BEGIN

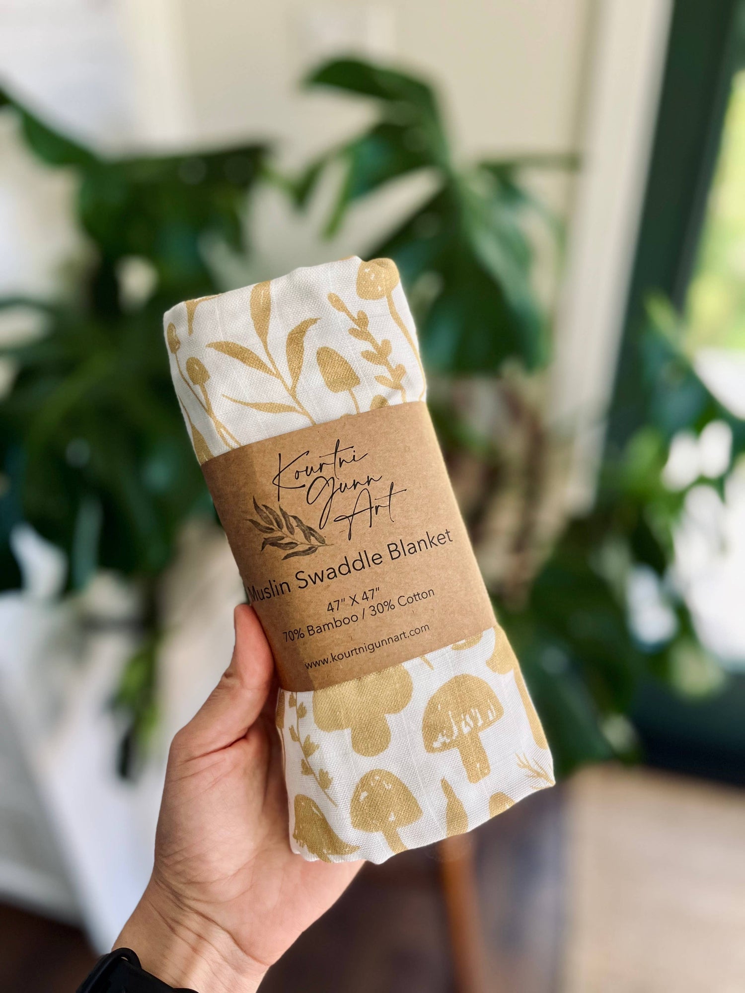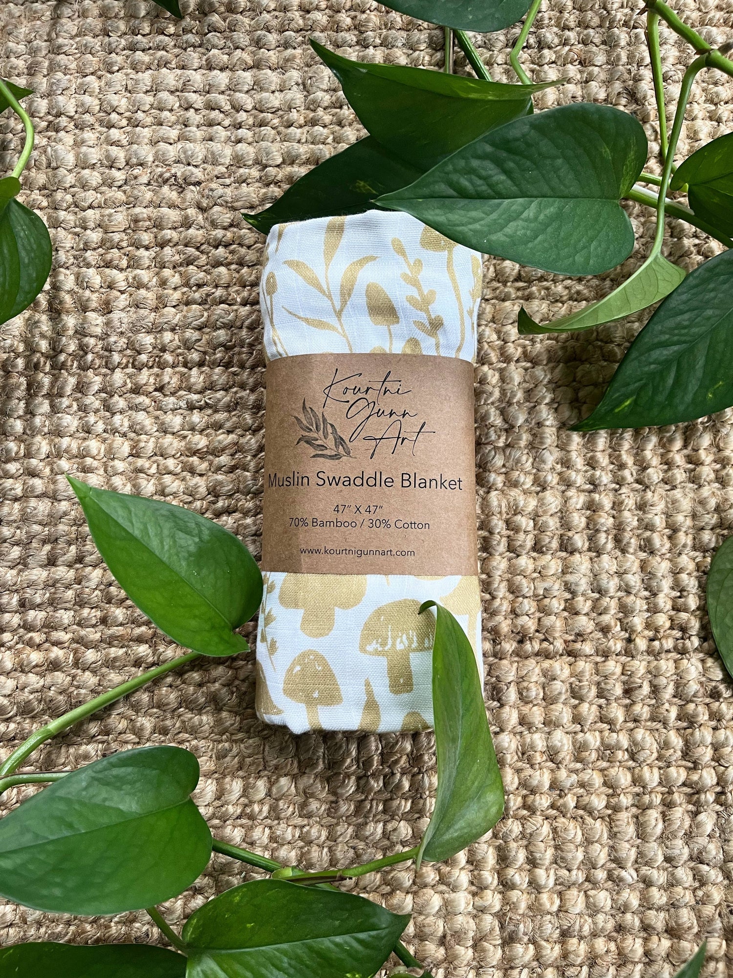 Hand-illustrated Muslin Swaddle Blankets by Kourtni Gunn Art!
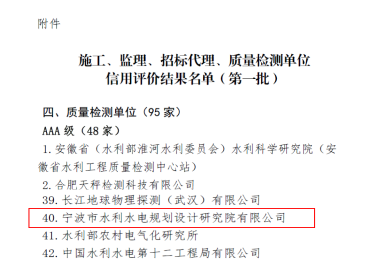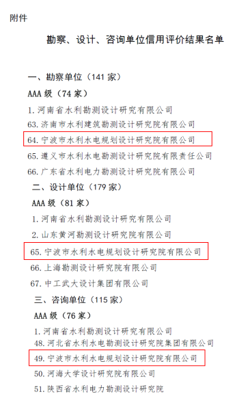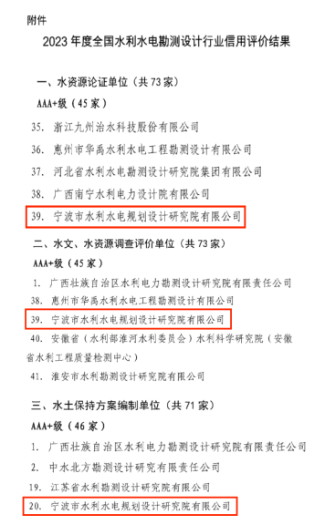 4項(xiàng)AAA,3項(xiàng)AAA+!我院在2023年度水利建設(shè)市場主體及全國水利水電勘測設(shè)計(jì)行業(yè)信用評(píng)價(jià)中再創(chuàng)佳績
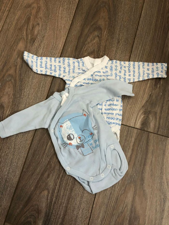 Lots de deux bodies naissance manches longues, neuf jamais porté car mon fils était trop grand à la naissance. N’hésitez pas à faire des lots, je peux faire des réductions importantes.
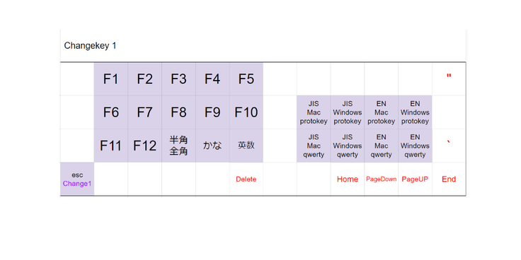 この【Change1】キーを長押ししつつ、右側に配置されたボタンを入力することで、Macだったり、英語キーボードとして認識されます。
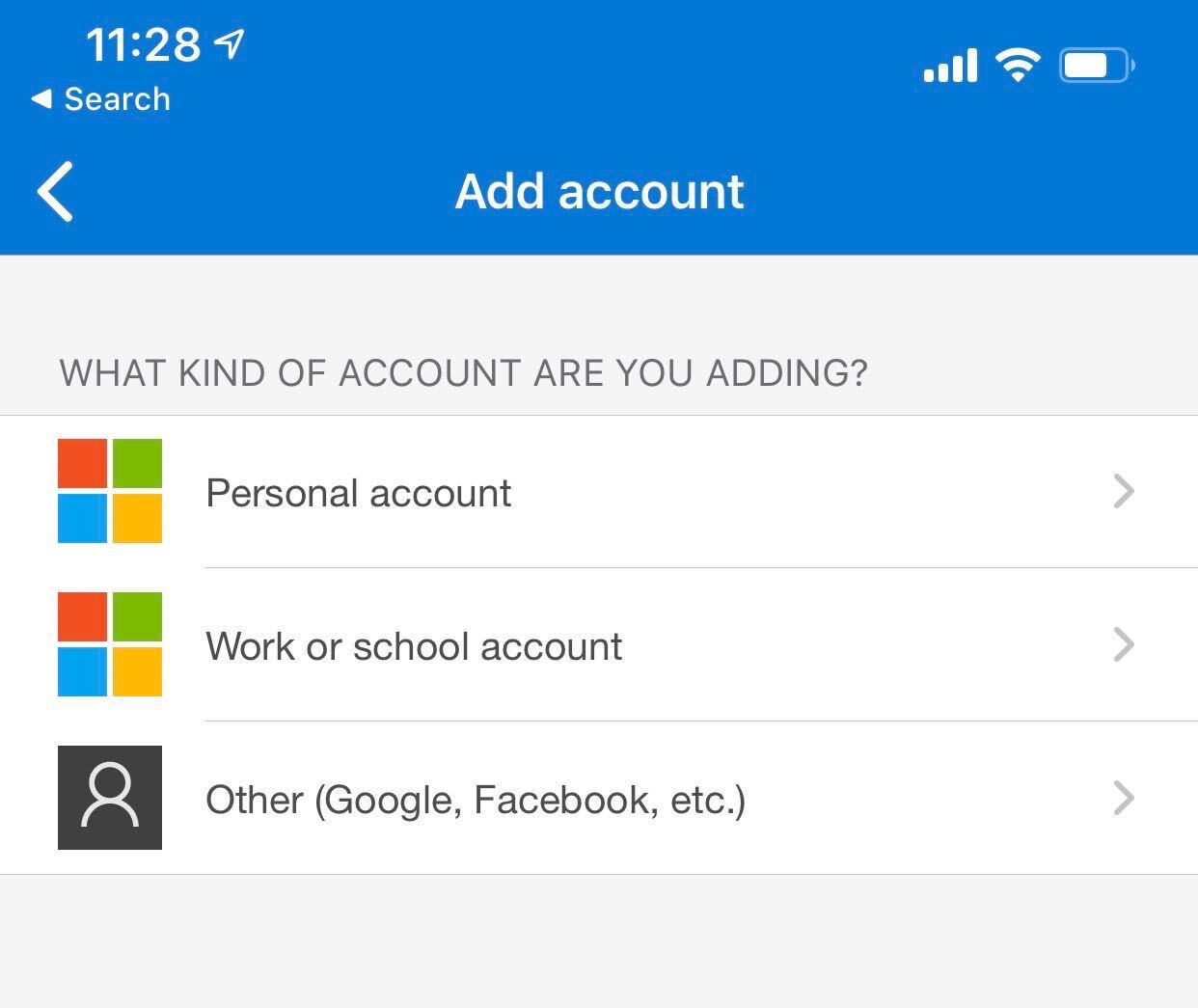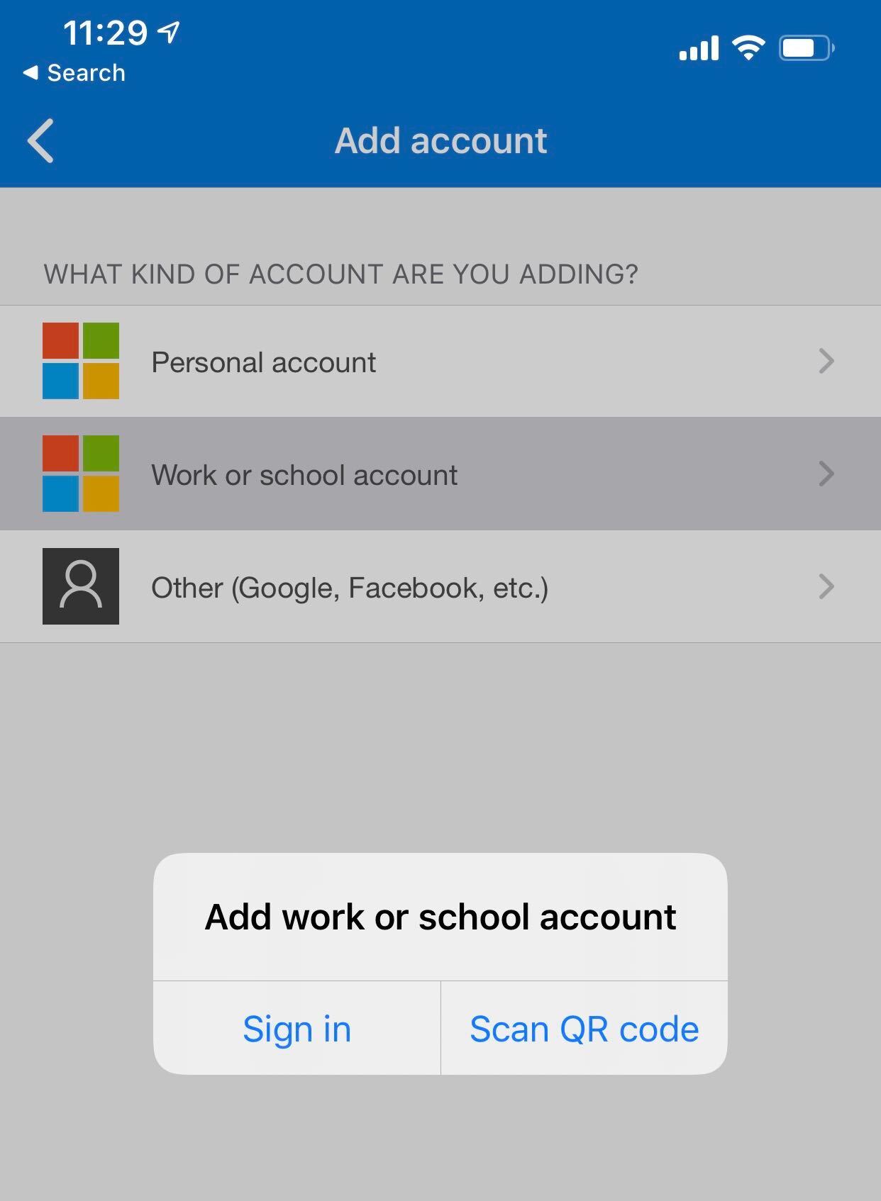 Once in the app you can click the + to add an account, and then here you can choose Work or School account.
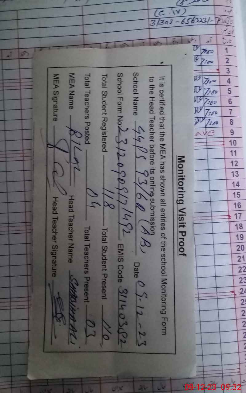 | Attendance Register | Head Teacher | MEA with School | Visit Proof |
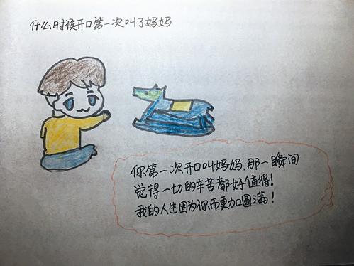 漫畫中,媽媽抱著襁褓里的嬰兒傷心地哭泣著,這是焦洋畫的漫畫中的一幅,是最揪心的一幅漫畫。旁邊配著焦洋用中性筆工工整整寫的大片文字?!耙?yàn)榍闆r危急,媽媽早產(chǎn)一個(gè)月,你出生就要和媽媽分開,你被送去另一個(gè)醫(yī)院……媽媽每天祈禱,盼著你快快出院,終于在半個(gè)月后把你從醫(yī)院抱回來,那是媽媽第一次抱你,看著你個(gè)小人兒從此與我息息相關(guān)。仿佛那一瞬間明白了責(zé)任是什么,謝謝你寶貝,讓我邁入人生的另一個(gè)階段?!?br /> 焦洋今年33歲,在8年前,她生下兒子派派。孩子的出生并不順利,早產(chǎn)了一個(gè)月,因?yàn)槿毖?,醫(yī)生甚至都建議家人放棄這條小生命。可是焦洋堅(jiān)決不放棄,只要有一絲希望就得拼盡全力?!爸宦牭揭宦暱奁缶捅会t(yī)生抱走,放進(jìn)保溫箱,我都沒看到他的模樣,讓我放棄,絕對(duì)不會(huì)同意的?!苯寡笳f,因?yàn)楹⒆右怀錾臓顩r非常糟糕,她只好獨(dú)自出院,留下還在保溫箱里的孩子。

END

The answer must be the full listing, restated word for word, with no pictures in it.

* _Solution for this exercise_
 Hand-illustrated Muslin Swaddle Blankets by Kourtni Gunn Art!
 4項(xiàng)AAA,3項(xiàng)AAA+!我院在2023年度水利建設(shè)市場主體及全國水利水電勘測設(shè)計(jì)行業(yè)信用評(píng)價(jià)中再創(chuàng)佳績
 Lots de deux bodies naissance manches longues, neuf jamais porté car mon fils était trop grand à la naissance. N’hésitez pas à faire des lots, je peux faire des réductions importantes.
 この【Change1】キーを長押ししつつ、右側に配置されたボタンを入力することで、Macだったり、英語キーボードとして認識されます。
 Once in the app you can click the + to add an account, and then here you can choose Work or School account.
 | Attendance Register | Head Teacher | MEA with School | Visit Proof |
 漫畫中,媽媽抱著襁褓里的嬰兒傷心地哭泣著,這是焦洋畫的漫畫中的一幅,是最揪心的一幅漫畫。旁邊配著焦洋用中性筆工工整整寫的大片文字?!耙?yàn)榍闆r危急,媽媽早產(chǎn)一個(gè)月,你出生就要和媽媽分開,你被送去另一個(gè)醫(yī)院……媽媽每天祈禱,盼著你快快出院,終于在半個(gè)月后把你從醫(yī)院抱回來,那是媽媽第一次抱你,看著你個(gè)小人兒從此與我息息相關(guān)。仿佛那一瞬間明白了責(zé)任是什么,謝謝你寶貝,讓我邁入人生的另一個(gè)階段?!?br /> 焦洋今年33歲,在8年前,她生下兒子派派。孩子的出生并不順利,早產(chǎn)了一個(gè)月,因?yàn)槿毖?,醫(yī)生甚至都建議家人放棄這條小生命。可是焦洋堅(jiān)決不放棄,只要有一絲希望就得拼盡全力?!爸宦牭揭宦暱奁缶捅会t(yī)生抱走,放進(jìn)保溫箱,我都沒看到他的模樣,讓我放棄,絕對(duì)不會(huì)同意的?!苯寡笳f,因?yàn)楹⒆右怀錾臓顩r非常糟糕,她只好獨(dú)自出院,留下還在保溫箱里的孩子。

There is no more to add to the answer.